New launches in the internal combustion engine and electric vehicle (EV) segments could be a near-term trigger.
The company recently launched the TVS X, a premium electric scooter.
Given the price point of Rs 2.5 lakh, the product may not garner large volumes and could be targeted at a niche market.
Prabhudas Lilladher Research believes the company could focus on exports by using its strong presence in the global market and leverage its recent acquisition in Europe to showcase the scooter.
For the Indian market, the brokerage expects TVS to launch EV products at lower price points to compete against similar launches by peers.
The company outperformed peers in the June quarter and gained 450 basis points (bps) market share in motorcycles to achieve a record level of 10.8 per cent.

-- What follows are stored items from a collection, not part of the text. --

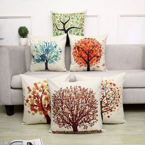 新款田园花卉ins风亚麻大树印花沙发抱枕创意床头大...
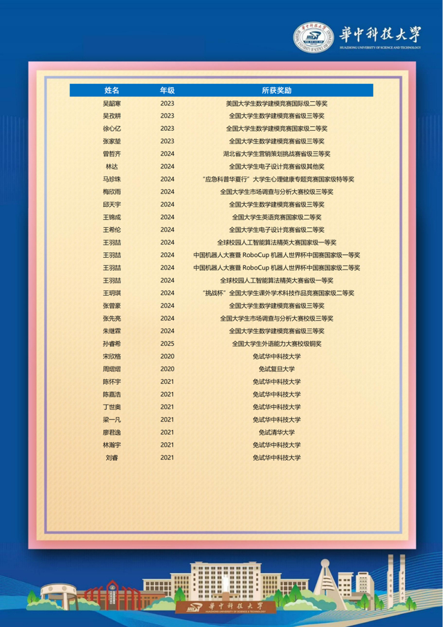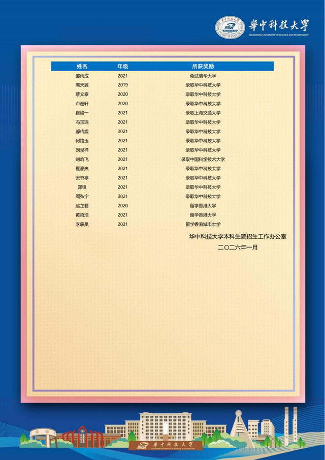 近日,华中科技大学传来喜报,对我校输送学子的优异表现给予肯定,向我校致以诚挚祝贺。这份认可离不开华中科技大学的悉心培育,也让我们为学子们的成长倍感欣慰。我校输送学子在2025年度表现亮眼,荣誉表彰、学科竞赛、升学深造多点开花,彰显非凡实力。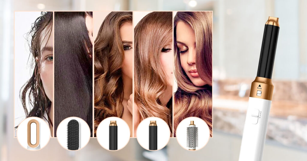 It combines the functions of a blow dryer, round brush, curling tool, straightener, and volumizer—making salon-style hair fast and easy at home.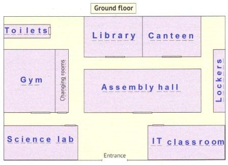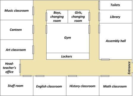 – a music room, a headteacher’s office, a staff room, a hall, a playground.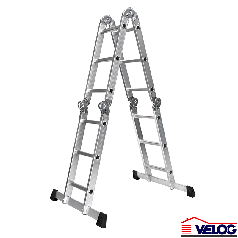 Merdevine aluminijumske sklopive poseduju Atest o bezbednosti, prema standardu EN131. Izrađene su od specijalne lagane legure alumijuma što im omogućava maksimalno opterećenje i do 150kg. Sastavljene su iz 4 dela, što pruža 4 različite opcije postavljanja. Dodatna platforma garantuje stabilnu potporu tokom radnih aktivnosti. Visina merdevina podešenih u poziciju platforma je 0.9m, dužina platforme je 1.62m. Debljina aluminijuma je 1.2mm. Četvorodelne, sa 4 mogućnosti kombinovanja Visina rasklopljenih merdevina: 337cm Izrađene od aluminijuma Maksimalno opterećenje: 150kg Testirano po EN131 standardu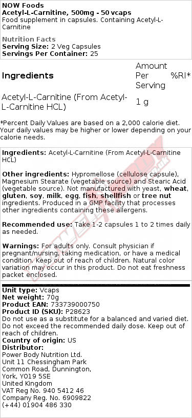 NOW FOODS ACETYL-L-CARNITINE, 500MG - 50 VCAPS

It maintained its scooter share of 25 per cent.
HDFC Securities believes with supply challenges now largely over, the company’s performance would continue on the back of healthy demand for its best-selling motorbikes like Raider, Apache and Ronin.
To be a leader in the electric two-wheeler segment, TVS is putting up building blocks with new launches, strengthening the dealer network and sign-ups with industry experts, joint venture partners and e-commerce players.
The street will keep an eye on the company’s margin performance.
Led by a favourable mix, price hikes and cost reduction measures, the company reported a 60 bps expansion in margins to 10.6 per cent.
This is the seventh consecutive quarter of double-digit margins for the company with profitability now consistently above the 10 per cent mark.
Uday Phani, an analyst with JM Financial Research, expects the company’s performance to continue on the volume front, while softening raw material prices, premiumisation, operating leverage and astute cost management would help margin.
Brokerage IIFL Research, however, believes that premium valuations for the stock (26-27 times in FY25 earnings) do not factor in the negatives.
IIFL analysts led by Joseph George argue that TVS Motor has been free cash flow positive only once (FY21) in the last five years and improvement in profitability has been offset by high capex and investments in recent years.
The company invested Rs 615 crore in subsidiaries in Q1FY24: An amount that is 1.3 times standalone profits.
There is no clarity on sustainability of EV growth and the path to profitability now that the government’s FAME subsidy has been cut, said IIFL.